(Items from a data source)
Start of Block

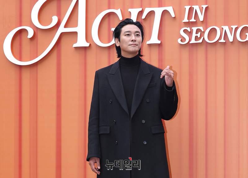페이퍼백 전속모델 주지훈이 12일 오전 서울 성동구 성수동에 오픈한 페이퍼백 팝업 '웰니스 아지트(WELLNESS AGIT)' 성수 오픈 행사에서 포즈를 취하고 있다.
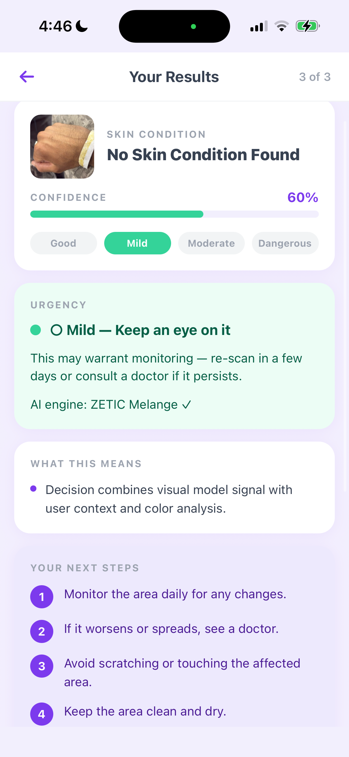 Getting a native Swift bridge to talk to React Native while using the ZETIC MLange SDK was the hardest part, the npm package was 9 months outdated so we built a custom RCT_EXTERN_MODULE Swift bridge from scratch. Training models that generalize across skin tones and lighting conditions was also tough with limited labeled data, and getting sub-second inference on a real device required aggressive image preprocessing optimization.
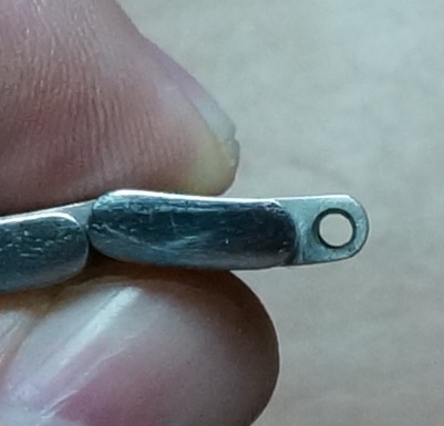 надфилем.толщиной 1,5 мм растачиваем крайнее отверствие и ставим шпильку 1,8 мм.проблема решена.если не хотите проделывать данную операцию,значит покупаем себе пакет шпилек и иногда гнутые заменяем.
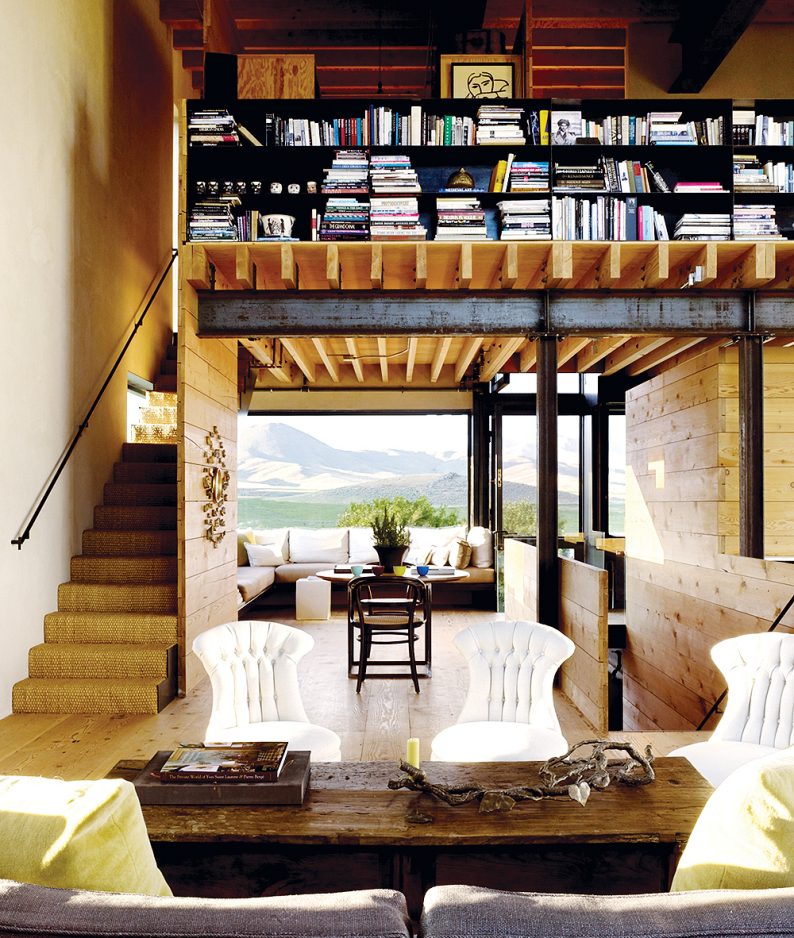 While the boxlike modern structures appear austere, the interior treatments bring a warm, human touch that is comfortable and inviting. In the high desert of central Idaho, architect Tom Kundig designed a home for artist and designer Jan Cox that had to be “hard outside and soft inside.” Concrete walls of the three-story setting stretch out to envelop a paradise garden. The living room, dining room and kitchen of the steel-frame-and-concrete structure are open-plan. Interior wood walls and floor warm up the steel. White padded seating with soft lines and curvy shapes balance the hard edges. A narrow fir staircase with sisal carpeting leads to the mezzanine bedroom above the kitchen. Skirting the mezzanine are shelves filled with books; their spines and covers add color and take on an aspect of a floating work of art. Windows, some as large as 8 feet by 11 feet, open the fortified structure on all four sides to the desert and distant mountains.
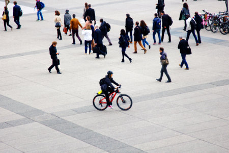 Paris, France - September 25, 2017: a motley crowd (medley) in the square of the Brotherhood, but please note that in autumn and winter people wear mostly dark clothes

End of Block

EXERCISE OBJECTIVE:
Using the entries above, transcribe every line from the line containing "Getting a native" through the line containing "надфилем.толщиной 1,5 мм". Do not copy pictures.

RESPONSE TO THIS EXERCISE:
 Getting a native Swift bridge to talk to React Native while using the ZETIC MLange SDK was the hardest part, the npm package was 9 months outdated so we built a custom RCT_EXTERN_MODULE Swift bridge from scratch. Training models that generalize across skin tones and lighting conditions was also tough with limited labeled data, and getting sub-second inference on a real device required aggressive image preprocessing optimization.
 надфилем.толщиной 1,5 мм растачиваем крайнее отверствие и ставим шпильку 1,8 мм.проблема решена.если не хотите проделывать данную операцию,значит покупаем себе пакет шпилек и иногда гнутые заменяем.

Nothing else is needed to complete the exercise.